Following a thorough investigation and the selection of the sequence, four supplementary metal ions (Ni, Cd, Hg, and Mn) were used in the cross-reactivity assays to enhance selectivity investigations. The selective Cu(II)-binding M13 phage clone that displaces the MHIVPHE peptide demonstrated a strong affinity for copper(II) ions while exhibiting minimal affinity for other metal ions, such as Ni, Cd, Hg, and Mn. This result is of great importance, as the selectivity of the chemosensor for specific ions is crucial.

3.3. Design of Modifications and Sold Phase Peptide Synthesis

The unique selective native peptide sequence Met-His-Val-Ile-Pro-His-Glu (P-11) selected from Phage Display experiments was modified to obtain specific optic functions of peptide. Metal ion-binding peptide was synthesized on Rink Amide resin by Fmoc/tBu microwave-assisted solid phase peptide synthesis [24]. The fluorophore (dansyl chloride) and tryptophan as donor were conveniently attached during SPPS, eliminating the need for labeling reactions. Dansyl (DNS) was introduced at the N-terminal side of the peptide, tryptophan residue was inserted at the C-terminus manually, in separate step. Flexible linker like lysine residue was inserted between native sequence and donor fluorophore to increase the peptide's solubility, minimize steric hindrance and ensure proper positioning of the fluorophore (Figure 3). Labeling peptides by use of dansyl chloride (DNS-Cl) is a versatile and highly sensitive means of fluorescent detection. DNS was chosen for the construction of the chemosensor due to its strong fluorescence, relatively long emission wavelength in the visible region and rapid reactivity with primary amines. Moreover, sequence labeling with dansyl fluprophore allows for very rapid detection at a low quantity in fluorescent spectroscopy. DNS typically exhibits strong fluorescence at 540 nm when excited at an appropriate wavelength, usually around 330 nm [25,26]

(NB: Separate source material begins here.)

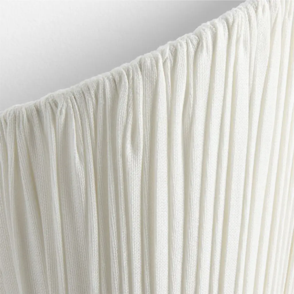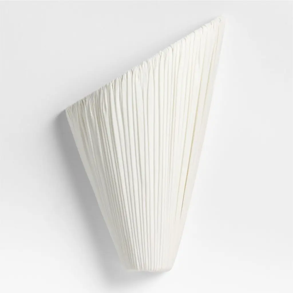 Inspired by the rippled metal pieces he designed for his exclusive Crate & Barrel collection, Jeremiah Brent reimagined that flowing motif in fabric. Talented artisans gather ivory linen over a swooping cone-shaped metal frame, creating a sconce that reminds us of seashells or couture pleating. Ideal for flanking a painting, lining a hallway or illuminating a stairway landing, Cannato washes walls with a soft glow.Introducing The Collected Home. Our exclusive new collaboration with interior designer Jeremiah Brent is rich with bespoke details and bold individuality.

Obtained peptide was cleaved from the resin, isolated and liophylized. The successful synthesis was confirmed by ESI mass spectrometer. The crude peptide was puried by HPLC.Peptide DNS–P-11 chrateryzation: Yellowish solid; Synthetic yield: 89%; HPLC purity > 95%; Rt 20.708 min., ESI MS of peptide is calculated as 1408.4 (g/mol); Observed value as [M+2H]²⁺ m/z=706, [M+3H]³⁺ m/z=471.

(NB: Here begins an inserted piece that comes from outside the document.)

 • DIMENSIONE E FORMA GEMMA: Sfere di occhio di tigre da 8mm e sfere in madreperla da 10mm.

3.4. Metal Ions Selectivity Experiment

The fluorescence spectroscopic response of DNS−P-11 peptide (10 µM) toward metal ions (Cu²⁺, Hg²⁺, Pb²⁺, Cd²⁺, Ni²⁺, Mn²⁺, Cr³⁺, As³⁺, Na⁺ and K⁺) was evaluated in HEPES buffer solutions (50 mM, pH 7.41). Separate solutions of each metal ion prepared at concentrations of 10 µM were individually added to the DNS−P-11 solutions and fluorescence emission spectra were recoded with excitation at 330 nm. Comparing the fluorescence response of DNS−P-11 in the presence of Cu²⁺ ions and other selected metal ions in the tested concentration, it was found that DNS−P-11 exhibited selectivity for Cu²⁺ in aqueous solution and no fluorescent response to other metal ions. Conversely, after adding 1.0 equiv. Cu²⁺ ions, the emission intensity of DNS−P-11 was significantly reduced with the fluorescence quenching rate for Cu²+ about 58.5 % (Figure 3).

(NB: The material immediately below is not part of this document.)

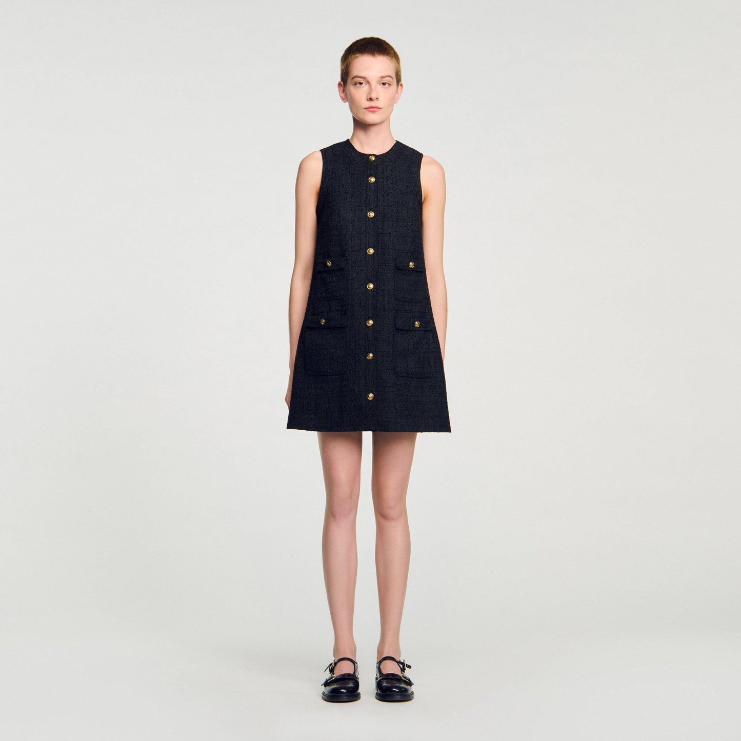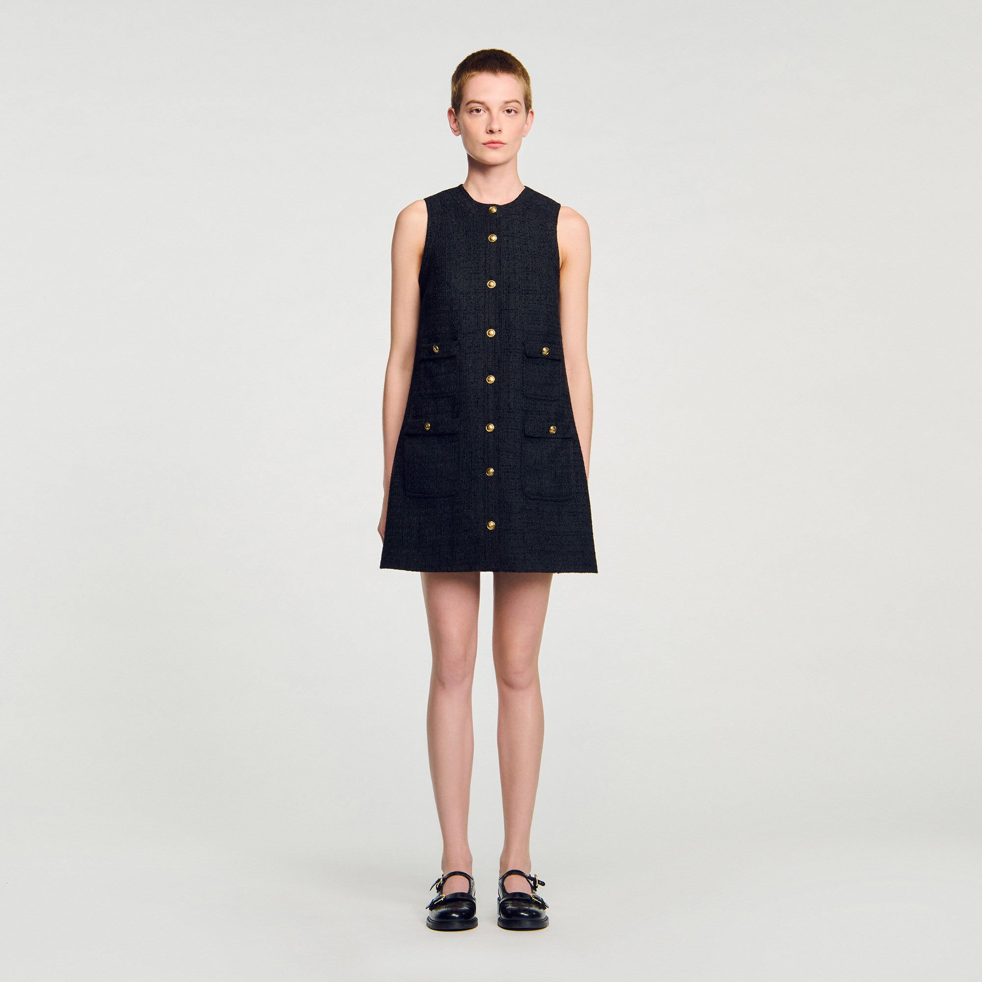 Mini sleeveless tweed dress with round neckline, button fastening and patch pockets with flaps.

3.5. Characterization of The Sensing Process of Fluorescent Chemosensor based on Phage Display Derived Peptide for Cu²⁺ Detection

In order to better understand the sensing process, the fluorescence spectra changes of fluorescent peptide, DNS−P-11 with Cu²⁺ ions was demonstrated. For this purpose, the different concentrations of Cu²⁺ ion solutions (0-10 µM) were added to the 10 μM DNS−P-11 in HEPES buffer solutions (50 mM, pH 7.41) and fluorescence spectra of the obtained solutions were recorded. As illustrated in Figure 3a, the fluorescence emission peak of DNS−P-11 gradually decreased with increasing Cu²⁺ concentration. The fluorescence spectroscopy of DNS−P-11 indicated that the addition of Cu²⁺ (ranging from 0-1.0 equiv.) caused a fluorescent turn-off response at 540 nm.

Notably, the fluorescence intensity of DNS−P-11 at 540 nm began to gradually quench after the addition of Cu²⁺.ions (0.05-0,45 equiv.), while the emission maximum was shifted to 546 nm. Following increase in Cu²⁺ concentration (0,5-1.0 equiv.) resulted in a further decrease in fluorescence intensity with a concurrent blue-shifted emission peak 36 nm from 546 to 510 nm (Figure 3a). According to the trend diagram of fluorescence titration, the fluorescence titration curve of DNS−P-11 reached a steady plateau after the addition of 0.65 equiv. of Cu²⁺ (Figure 3b), while the increasing level of Cu²⁺ up to 10 equiv. maintained the saturation of DNS−P-11-Cu²⁺ complex at constant level (Figure 3c), The above results determined the binding stoichiometry of 1:2 between DNS−P-11 and Cu²⁺ ions. Since the structure and stability of the formed complexes is highly dependent on pH and the metal/ligand ratio, it is possible that at neutral or basic pH two histidines (at 4 and 6 position) in peptide sequence can behave as independent co-ordination sites, and DNS−P-11 can bind up to two Cu²⁺ ions.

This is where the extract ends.